Having a Ghostwriter for a book or a movie script is common and not considered immoral (do you really think every celebrity that seeks books can write decently? Not at all), so I don't think calling it that name is that funny... Now maybe calling it "The Resampler" would be...

And maybe I'm mistaken, but I haven't seen a rerelease from EW in a long time- in fact I thought they were known for releasing libraries, doing updates for fixes, then rarely ever touching the library again (opting for new releases verses revamping old ones). Which I don't mind because I'm aware of the fact before I buy the library. But that is due to this forum, not sounds online.com. Transparent? Are you talking about the forum that deletes negative comments or the sales page that touts engineer credits and the "soon to be released" Play Pro?


----------



## prodigalson (Sep 20, 2015)

ProDrummer and Hollywood Orchestral Percussion didn't come out that long ago...


----------



## kurtvanzo (Sep 21, 2015)

prodigalson said:


> ProDrummer and Hollywood Orchestral Percussion didn't come out that long ago...



"They've recently rereleased a lot of older libraries with some new touches here and there and they were quite transparent about that."

They have released newer libraries, but rereleases of older libraries? I can't think of one.


----------



## trumpoz (Sep 21, 2015)

The 25th anniversary series - reprogrammed to work with Play.


----------



## jamwerks (Sep 21, 2015)

In case anyone missed the announcement (+/- 6 months ago), Play Pro is comin'


----------



## kurtvanzo (Sep 21, 2015)

trumpoz said:


> The 25th anniversary series - reprogrammed to work with Play.

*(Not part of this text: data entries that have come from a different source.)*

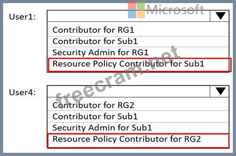 Which role should you assign to each user? To answer, select the appropriate options in the answer area.
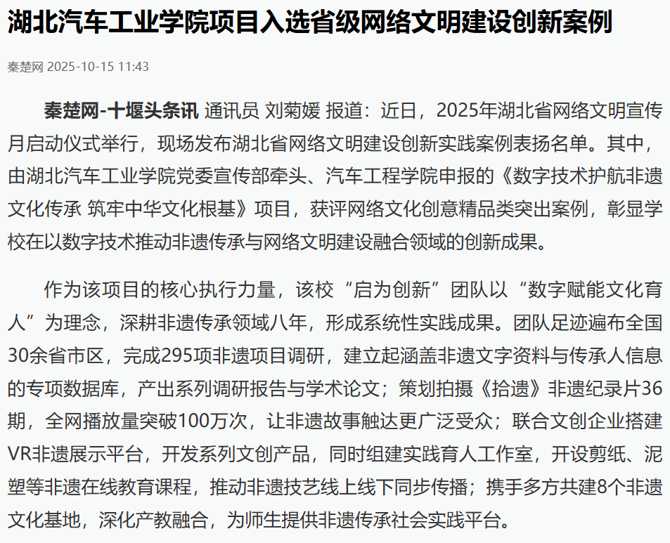 【荆楚网】数字护航非遗!探花精选 项目入选省级网络文明建设创新案例
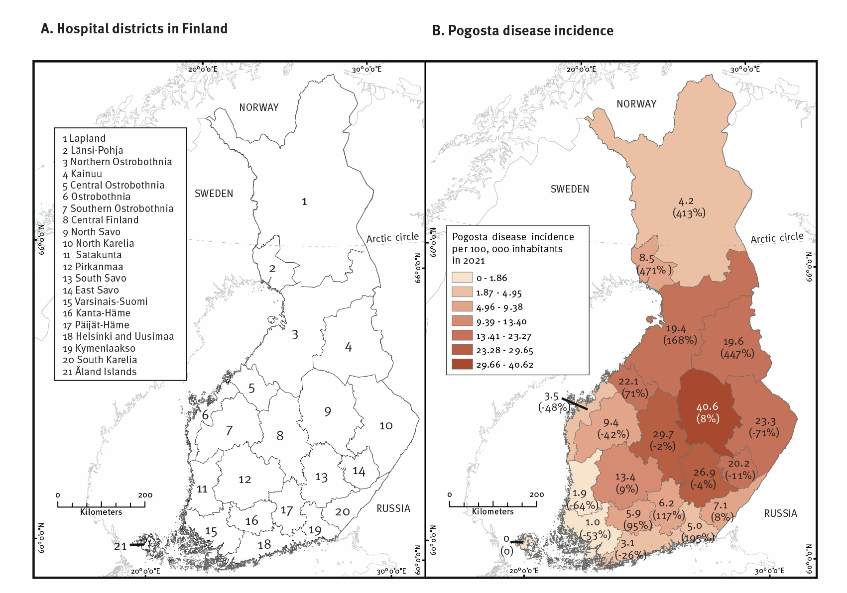 In 2021, the incidence of Pogosta disease in various hospital districts ranged from 0 on land Islands to 40.6 in North Savo per 100,000 inhabitants. Most of these cases were reported in hospital districts in central, eastern, and western Finland.
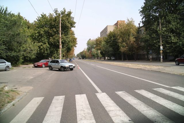 6 сентября на проспекте Богдана Хмельницкого автомобиль ВАЗ сбил женщину, которая, выйдя из трамвая, переходила дорогу. С места аварии пострадавшую забрала «скорая помощь».
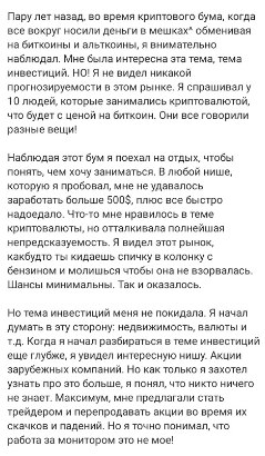 Среди 70 публикаций можно также найти вполне стандартную историю о том, что толкнуло Андрея Зуевича научиться успешно торговать. Рассказ растянулся на несколько длинных постов. Читать подобные материалы интересно разве что для мотивации. Они не дают статистику, не отражают профессиональный уровень трейдера и никак не демонстрируют его экспертизу.
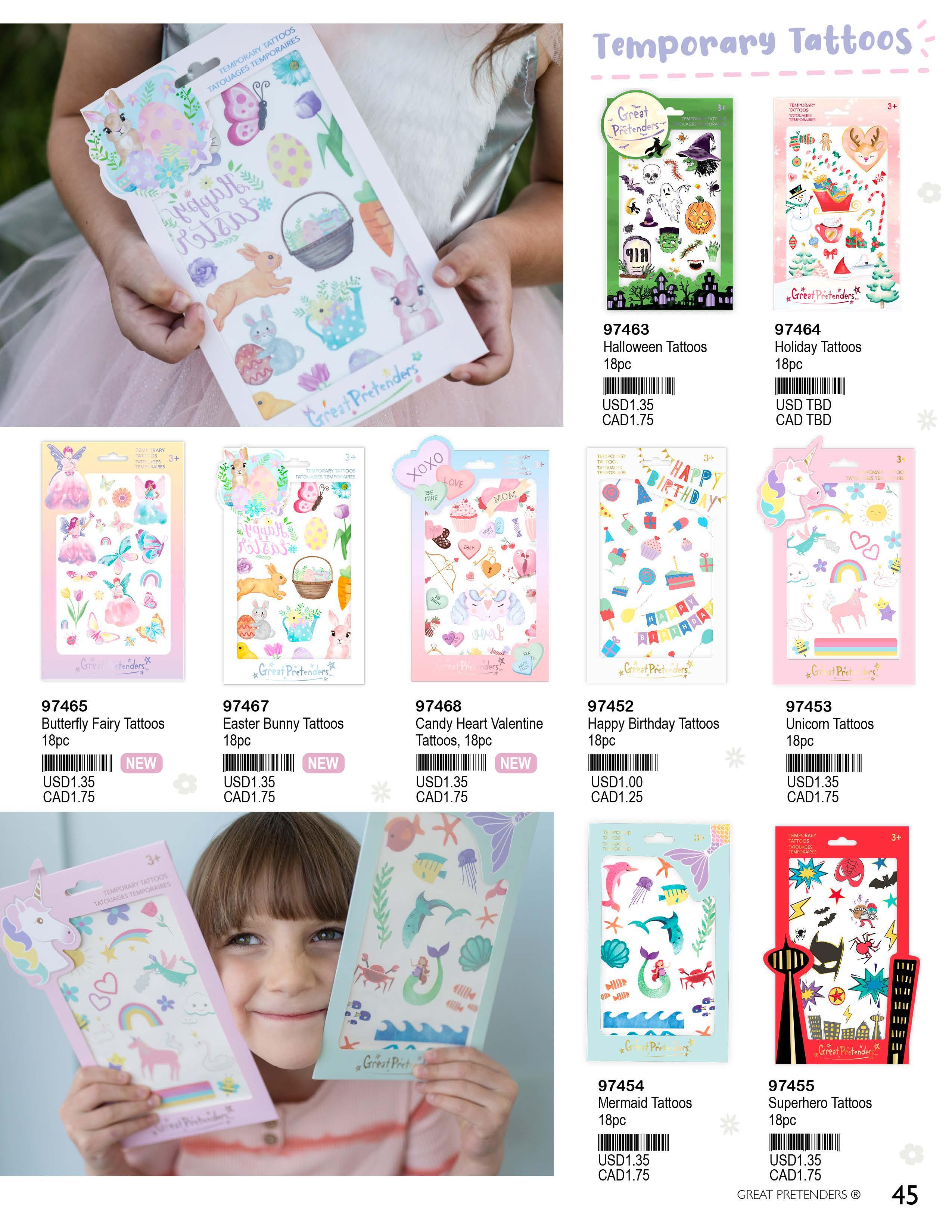 I "1'.fl :;, 97465 ButterflyFairyTattoos 18pc 111111111111111111111111111111£Im USD1.35 CAD1.75 97467 EasterBunnyTattoos 18pc IIIIIIIIIIIIIIIIIIIIIIIIIIIIIICim USD1.35 CAD1.75 97468 CandyHeartValentine Tattoos,18pc 111111111111111111111111111111 £Im USD1.35 CAD1.75 --------97463 HalloweenTattoos 18pc 111111111111111111111111111111 USD1.35 CAD1.75 97452 HappyBirthdayTattoos 18pc 111111111111111111111111111111 USD1.00 CAD1.25 97454 MermaidTattoos 18pc 111111111111111111111111111111 USD1.35 CAD1.75 97464 HolidayTattoos 18pc 111111111111111111111111111111 USDTBD CADTBD 3 "" X TA H RI --~ •• C)c:'.J " Pre •s - . 97453 UnicornTattoos 18pc 111111111111111111111111111111 USD1.35 CAD1.75 97455 SuperheroTattoos 18pc 111111111111111111111111111111 USD1.35 CAD1.75 * GREATPRETENDERS® 4 5
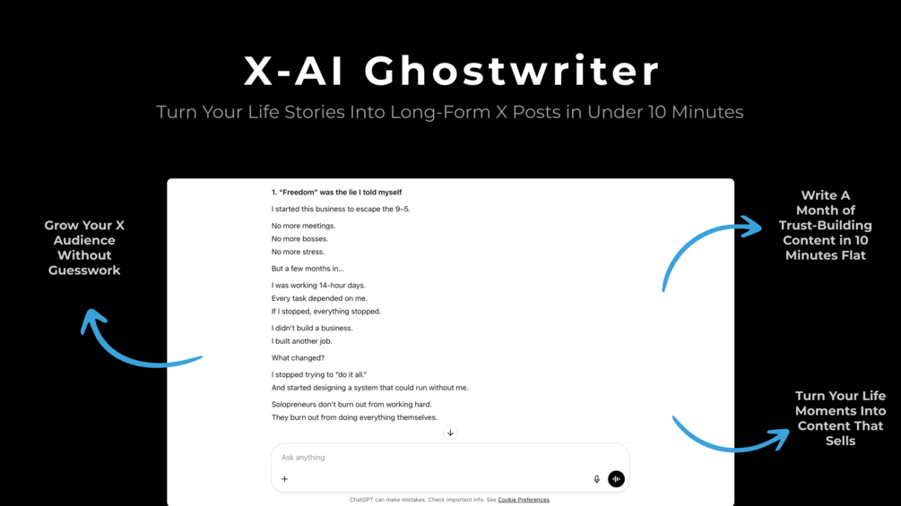 You’re getting my complete X-AI Ghostwriter System. 3 custom-built GPTs that help you turn raw thoughts and real-life moments into powerful, trust-building Twitter content in under 10 minutes.

Thanks. I thought there might be one. Glad they are willing to retool some things to work in their own player. Also, yes, Play Pro was mentioned in the last 6 months as being "in the pipeline" with no release date. But it's my understanding it's been in the pipeline for many years (being mentioned by Doug in the past) without a release- so is this really new news? I know a Ford Model A that's been worked on for 40 years, but I don't plan on driving it anytime soon.


----------



## prodigalson (Sep 21, 2015)

> And maybe I'm mistaken, but I haven't seen a *rerelease* from EW in a long time



Misread that. Thought you wrote "release".


----------



## Nick Batzdorf (Sep 21, 2015)

I don't get the criticism of Ghostwriter as being "recycled old stuff." What's wrong with offering a package with a useful variety of sounds from their catalog? 

You don't hear the same criticism of, say, VSL's Special Edition or Sonivox' Muse - or EW's own Goliath, for that matter.

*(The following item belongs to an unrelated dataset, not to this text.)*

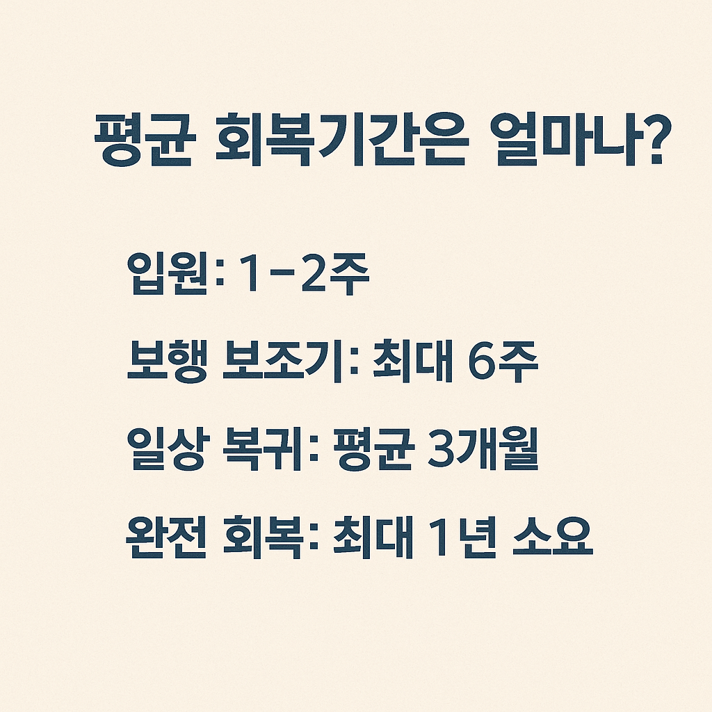 - 재활 참여도: 적극적으로 물리치료와 홈 트레이닝을 병행할수록 회복이 빠릅니다.

And as far as I know The Dark Side isn't from other libraries.


----------



## Jimmy Hellfire (Sep 21, 2015)

In the case of Ghostwriter, I feel it was advertized as something different and more than it actually is. ProjectSAM clearly state that their Orchestral Essentials are a collection of samples from their bigger libraries. VSL makes it clear that the SEs are the more affordable packages that can be upgraded to their big collections.

Ghostwriter on the other hand ... they even officially called it "Steven Wilson's Ghostwriter" and an installment of some "Masters Series". The promo blurb promises Steven Wilson's most innovative sounds and all this magnificent blah. I don't have the library and I don't know how much of it's material is really simply re-used and somewhat processed, but I'm sure that the expectations that were created were something else. More like Steven Wilson, sitting in his studio, in all his genius and expertise, surrounded by his state-of-the-art gear, creating all these incredible sounds from scratch, and all that. To me, it seems that Wilsons involvement was mainly letting them put his name in the title.

Sure, legally, EW is on the safe side. It's the George Foreman Grill, right? People gotta know themselves if that's a convincing argument. And who knows, perhaps it was really Steven Wilson himself who yanked those guitar samples through a fuzz effect during his coffee break. But you get the point. It may not be "scam", but if the library really is a repackaging for the most part, then it's still a shabby practice and I think it's OK to point that out, because I bet a lot of potential buyers would expect something way more special from the library than it is.


----------



## woodsdenis (Sep 21, 2015)

Nick Batzdorf said:


> And as far as I know The Dark Side isn't from other libraries.



If you look at the vid it clearly is. As many have stated there is nothing wrong with using old material if you are upfront about it and make it clear thats what it is. I can't think of any other dev who has done this in such an underhanded way.


----------



## ddas (Sep 21, 2015)

I'm not sure of the accuracy of the claims of this video. There are three actual examples given: 

The gamelan example (2:28) sounds fairly different. It's possible they are the same samples with effects, but it's different enough that I can't tell. 

The acoustic guitar examples (3:29) are confusing because the voiceover talks about plagiarism, but doesn't provide sonic proof, then goes on to mix it up by alleging that there are numerous acoustic guitar patches based on the same samples, but it's common for all sample manufacturers to have one pool of samples then create various patches out of them. The voiceover implies they are literally packing extra gigabytes for this, but that's probably not what's happening. That's also a different accusation, separate from the claim that they might originate from other products.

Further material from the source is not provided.